Quel est le rôle de Médecins du Monde dans ce camp ?
MdM intervient dans le camp depuis décembre 2014 en gérant le premier et unique centre de soins de santé primaire. MdM soutient les autorités sanitaires locales pour fournir des services de santé de qualité aux résidents du camp. Cela inclut la fourniture de médicaments essentiels et d’équipements médicaux, un soutien logistique et le renforcement des capacités du personnel de santé local.
L’un des principaux volets de l’intervention de MdM en Irak consiste en des activités de santé mentale et de soutien psychosocial, avec pour objectif d’accroître la résilience de la population cible et de promouvoir son bien-être psychologique. MdM vise également à sensibiliser la population aux thèmes de la santé mentale afin de réduire la stigmatisation et le tabou autour de ce sujet en Irak.
Selon vous, quel pourrait être le bénéfice d'une collaboration avec Clowns Sans Frontière pour les habitants du camp ? Qu'en attendez-vous ?

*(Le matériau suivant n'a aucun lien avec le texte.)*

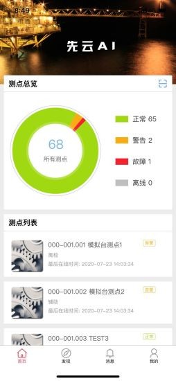 先云软件是拥有着先进的智能ai的手机软件,在这里用户能够进行工业设备的故障预测和监测功能,帮助广大的机械和工业的行业的人员进行各种机械的检测,大大降低事故发生的可能性,守护每一个工人的安全。还能够进行远程巡检、预警、统计等等功能,非常的实用。
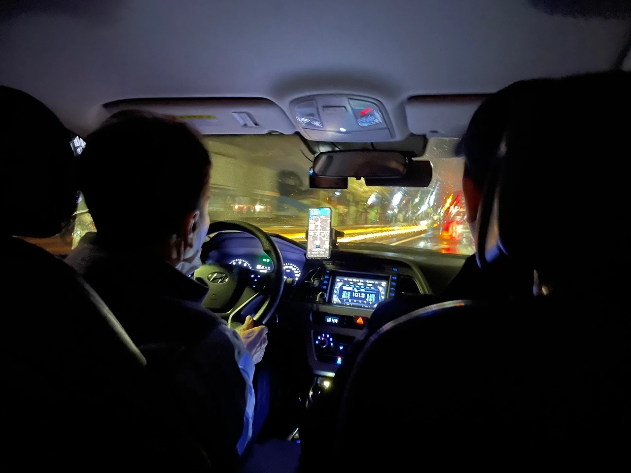 밤이 늦었지만 배가 고팠다. 택시를 타고 근처 국수집으로 이동했다.
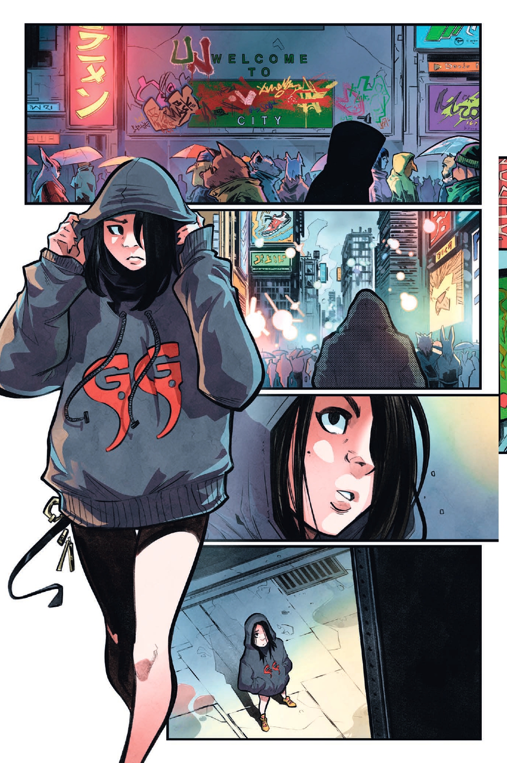 Con New Taste, Vincenzo Mirra sceglie di gettarci subito in uno scenario del quale non sappiamo nulla. Una città fuori dal tempo e dallo spazio, che appare contemporanea ma al contempo con forti vibes anni ’80, a partire dal momento in cui la protagonista entra in un negozio di video noleggio pieno di vhs, ormai pressoché estinti (ahimé) ma che i lettori meno giovani potranno guardare con nostalgia. Un mondo dove vivono creature antropomorfe e dall’atmosfera molto cupa. Dopo una prima breve parte più lenta, arriva il giorno della fuga e dall’incontro tra i due protagonisti la storia inizia ad accelerare e i giri del motore salgono, con scene d’azione sempre più sfrenate e appassionanti. All’inizio non è dato sapere chi siano la ragazza e il suo pilota, ma con il passare delle pagine iniziamo a conoscerli meglio e a esplorare il loro carattere.

La collaboration avec CSF serait une excellente occasion d’offrir une approche psychologique alternative dans le traitement des résidents du camp, en tenant compte des circonstances que ces personnes ont traversées pendant la crise du déplacement. En outre, la situation de pandémie a ajouté un nouveau fardeau sur leurs épaules (difficultés de subsistance, manque de soutien financier, anxiété et stress liés à la propagation du virus et peur de l’infection, isolement social dû aux restrictions de mouvement, etc.). Sachant que l’un des principes fondamentaux du concept de santé mentale et soutien psycho-social est de « faire face aux stress de la vie, de pouvoir travailler de manière productive et fructueuse et d’être en mesure d’apporter une contribution à sa communauté (OMS) », tout ce qui précède rend difficile pour les personnes de mener une vie décente en termes de bien-être physique, social et mental. C’est pourquoi MdM et CSF développent des activités communes, qui visent à faire sourire les gens (surtout les enfants) et à leur donner l’espace nécessaire pour saisir un moment de bonheur au milieu de leur vie quotidienne difficile. L’aspect positif de ce projet sera certainement bénéfique en éloignant un moment les gens des facteurs de stress auxquels ils sont confrontés au quotidien. De plus, pour les enfants en particulier, cela pourrait leur donner l’espace nécessaire pour interagir et s’amuser tout en leur transmettant des messages d’espoir. Cela pourrait inciter les membres de la communauté à reproduire des activités similaires à celles qui se déroulent à l’intérieur du camp (spectacle coloré et artistique par exemple).
Le projet conjoint avec CSF permettra de renforcer les capacités du personnel de MdM en santé mentale et soutien psychosocial à concevoir de telles activités en étroite collaboration avec les acteurs locaux (comme cela a déjà été fait dans d’autres lieux soutenus), ce qui contribuera à la pérennité du projet.
Rendre les gens heureux est un objectif très noble, surtout pour ceux qui ont vécu des situations horribles et qui souffrent peut-être encore d’effets traumatisants. Et j’espère personnellement que ce projet fera sourire les gens, les adultes comme les enfants, un petit pas mais qui contribue beaucoup à la réalisation de cet objectif plus large.